Ce qu’a accompli André Chouraqui tient de l’irraisonnable comme de l’incommensurable. Comme s’il étreignait, chaque matin, une vie de plus. Car combien de vies lui a-t-il fallu pour construire autant d’édifices ! Traducteur du Tanakh, du Nouveau Testament mais également – ce que jamais personne ne fit ainsi à la suite -, du Coran, à partir une fois encore de son écriture originale en arabe ! Traducteur de textes inédits encore inaccessibles en français comme L’introduction aux devoirs des cœurs de Bahya Ibn Paqûda, André Chouraqui démultiplie l’existence, penseur, auteur d’une soixantaine d’ouvrages, proche collaborateur de Jules Isaac, de René Cassin, de David Ben Gourion, adjoint au Maire de Jérusalem, Teddy Kollek, il avance sans ciller ni se retourner, nous enjoignant à la suivre. Sans infatuation non plus, sans savoir absolu, juste avec un salut fraternel.

« De portée universelle, le Décalogue a été adressé à un petit peuple mis en demeure de le communiquer à toute l’humanité. Le lieu de la proclamation des Dix Commandement est un désert. Le désert n’est à personne : un objet trouvé au milieu des rocailles arides appartient à quiconque prend la peine se des se baisser le ramasser.
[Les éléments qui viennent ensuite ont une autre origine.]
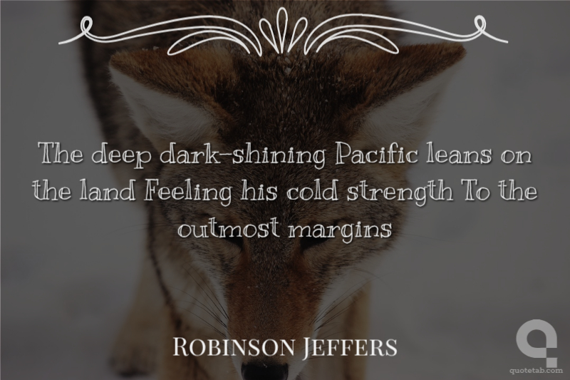 The deep dark-shining Pacific leans on the land Feeling his cold strength To the outmost margins
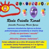 Rada Osiedla Kurak w Zgierzu zaprasza w ostatnią środę miesiąca (30 sierpnia 2017 r.) o godz. 17:00 na piknik "Pożegnanie Lata 2017".

Les Dix Paroles s’adressent ainsi à l’humanité entière du fait même qu’elles résument en quelques phrases la condition humaine et les conditions de survie de l’humain qui est en l’homme. Nul ancrage géographique précis, nulle cité, comme si le Décalogue, bien loin de provenir d’un pays précis, devait devenir la patrie l’homme[2]« .
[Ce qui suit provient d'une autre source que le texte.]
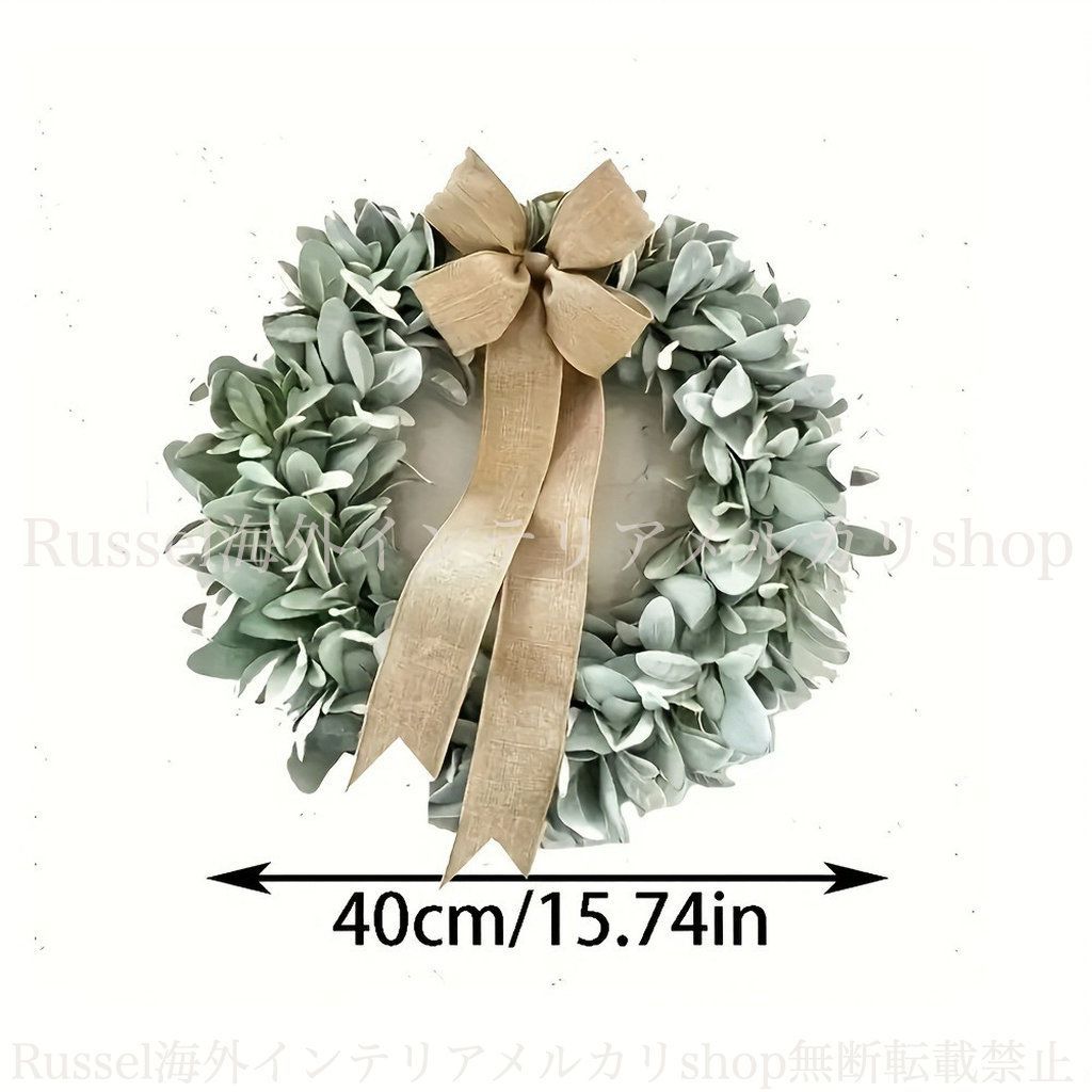 こちらは、優雅で美しいデザインの「ユーカリのリース 」です。このアイテムは、あなたの玄関やガーデンを華やかに演出することができるリースです。心地よい風合いと温もりを感じさせる仕上がりが特徴です。

Prophète heureux, prophète infatigable dont les lumières, l’intelligence, la connaissance, l’espoir, le souffle nous sont aujourd’hui désespérément indispensables, André Chouraqui nous a bâti non un liséré mais un pont d’or. Une vocation à laquelle nous donnerons régulièrement voix dans ces chroniques, pour forcer nos yeux, souvent ahuris, quelquefois fermés, mais le plus généralement obstinément incrédules, à voir enfin…
Pour connaître l’homme, et nous sensibiliser à l’ampleur de sa pensée et de son œuvre, Emmanuel Chouraqui lui a consacré un hommage sous la forme d’un documentaire d’une impeccable intelligence et sensibilité, à fleur de peau de ce qu’André Chouraqui assigna à l’Histoire. Documentariste ayant déjà réalisé quelques dizaines de films sur des personnalités aussi vénérables que trop rapidement effacées de notre histoire, Emmanuel Chouraqui nous révèle un homme, un Mentsh, son père, sous la plus émouvante et éternelle des perspectives. Avec son autorisation, le film est ici https://youtu.be/Y-daMEjw0tE?si=UNDHVaPipYwZHUus en visionnage libre.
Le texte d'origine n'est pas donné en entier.